ESPECTáCULOS
Peña, el niño muerto que se ríe de la enfermedad
El espectáculo del actor de choque es un desfile de personajes, y también una ácida reflexión sobre la muerte y otras sorpresas.
Por Eduardo Fabregat
“Yo no quiero ser el niño muerto... pero sólo soy el niño muerto.” Fernando Peña canta su melopea y el efecto es contagioso. La tonada es infantil y la temática siniestra, y ahí puede ubicarse una de las bases del espectáculo con el que Peña revienta cada fin de semana la sala Pablo Neruda del Paseo La Plaza: la muerte, sí, pero en un terreno lúdico en el que el humor negro es sólo uno de los condimentos. Utilizando nada menos que su propia y reciente experiencia hospitalaria, Peña expone –y se expone– sobre el escenario un tema delicado, en el que hay lugar para su estilo frontal y por momentos virulento, pero también para cierta poesía y reflexión.

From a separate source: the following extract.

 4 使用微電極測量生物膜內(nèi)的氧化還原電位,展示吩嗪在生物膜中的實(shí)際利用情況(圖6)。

En ese sentido, ¿cómo reflexionar sobre la posible proximidad de la propia muerte, sin caer en la autoconmiseración o el chiste fácil, obviamente negro? Aun con sus falencias –la búsqueda a veces obsesiva del efecto de choque en la palabra o el gesto, la tendencia a alargar algunas escenas más de lo aconsejable–, el actor consigue aquí el raro efecto de ser el Peña que sus fans esperan, y a la vez un Peña frágil que se autoexamina en la soledad de una habitación de hospital. Será un momento sin máscaras antes que comience el desfile de sus personajes más conocidos, pero en esa situación el actor se deja atravesar por una ambivalencia que va de lo disfrutado en una vida de excesos al replanteo de las consecuencias. O, como él mismo verbaliza, lo que va del “coger con forro no es coger” al temor de enfrentar a una enfermera, las curas y la quimioterapia.

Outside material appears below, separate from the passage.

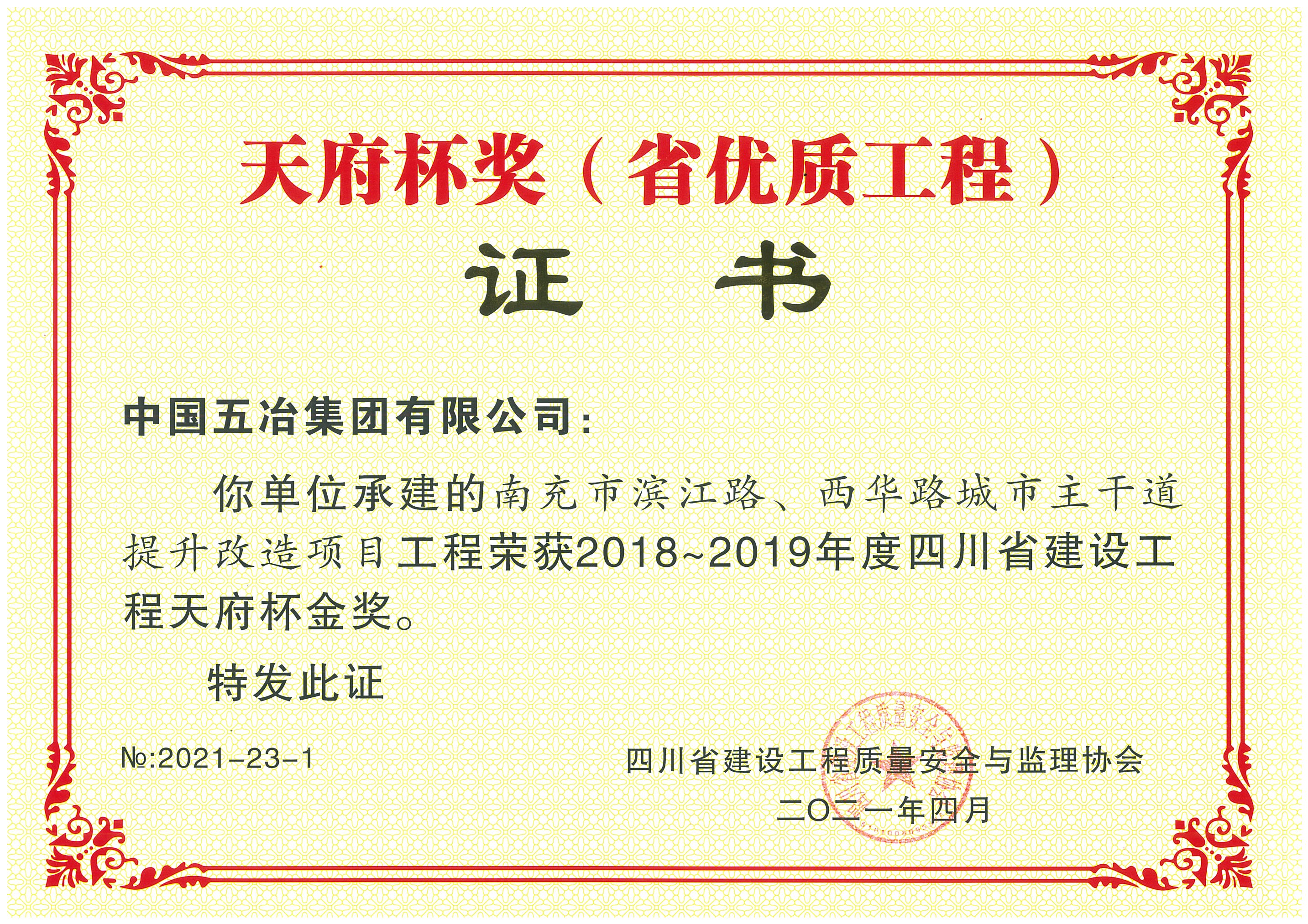 14-南充市濱江路、西華路城市主干道提升改造項目-2018年度四川省用戶滿意建筑工程證書

No debe entenderse por esto que Peña haya decidido hacer su propia y aséptica disección, y olvidar a las criaturas feroces que lo caracterizan. Para gusto del público, esa escena en la habitación de hospital es la excusa perfecta para que el actor le dé ingreso a La Mega, Palito o Dick Alfredo, y cada “aparición” desata ovaciones que confirman que hay un código compartido que va más allá de la densidad del relato.

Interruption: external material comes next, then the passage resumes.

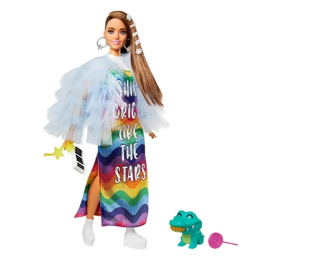 Barbie Extra babák merész divatot, élénk színeket és véleményt képviselnek! Minden BarbieR baba egyedi, játékos és túlzott stílussal rendelkezik. Háziállataik különlegesek, aranyosak és sok személyiséggel rendelkeznek! A BarbieR Extra lehetővé teszi a gyerekek számára, hogy felfedezzék az önkifejezést a stíluson keresztül, és magával ragadó divat- és stílusélményt nyújt a mozgatható babákkal. A BarbieR Extra a divatos szórakozást csillogással, gumicukrokkal, hangulatjelekkel és jellegzetes hajjal képviseli, és EXTRA hangulatot teremt, bárhová is megy. Mindegyik külön kapható, a készlet erejéig. A babák nem állnak meg magukban. Ez a készlet egy szivárványos ruhás szőke babát és egy krokodil háziállatot tartalmaz.

El relato, en sí, abre y cierra como la misma vida: Peña asoma de una vagina y termina en un cajón, y en ambos extremos se ve la impronta de un actor dedicado a voltear las convenciones de la sociedad más rancia. Así, aún unido a su invisible madre por el cordón umbilical, el niño deberá soportar el acoso antipecado de una monja/partera (“Sor de la Sagrada Orden de la Concha de su Madre”). Y, a la hora del funeral, su cajón no estará instalado en la escenografía habitual en estos casos sino en... una verdulería. Una apropiada metáfora incluso para las apariciones televisivas del actor en la tele de la tarde, donde puede estar refiriéndose a su entredicho con el Comfer por las apreciaciones sobre la vida sexual del presidente Duhalde, pero también a algún “enfrentamiento” típico de programas chimenteros.
Afortunadamente no es ése el tono, aunque un video final haga aparecer a Jorge Rial con un supuestamente escandaloso video post-mortem de Peña. En El niño muerto, el calvo actor dialoga consigo, con sus personajes y con “la enfermera matemática” y “la enfermera Sofovich”, le da vueltas al asunto y termina presentándose en alma, que es casi como decir en bolas,buscando eliminar hasta la última máscara y hablando crudamente de la muerte y otras sorpresas. Quizá lo mejor sea que, aun tratándose de un artista habituado al exceso escénico, nada en el espectáculo permite apuntar intenciones de color amarillo u oportunistas. Al cabo, Peña hace reír. Y eso suele ser un buen antídoto para más de una enfermedad.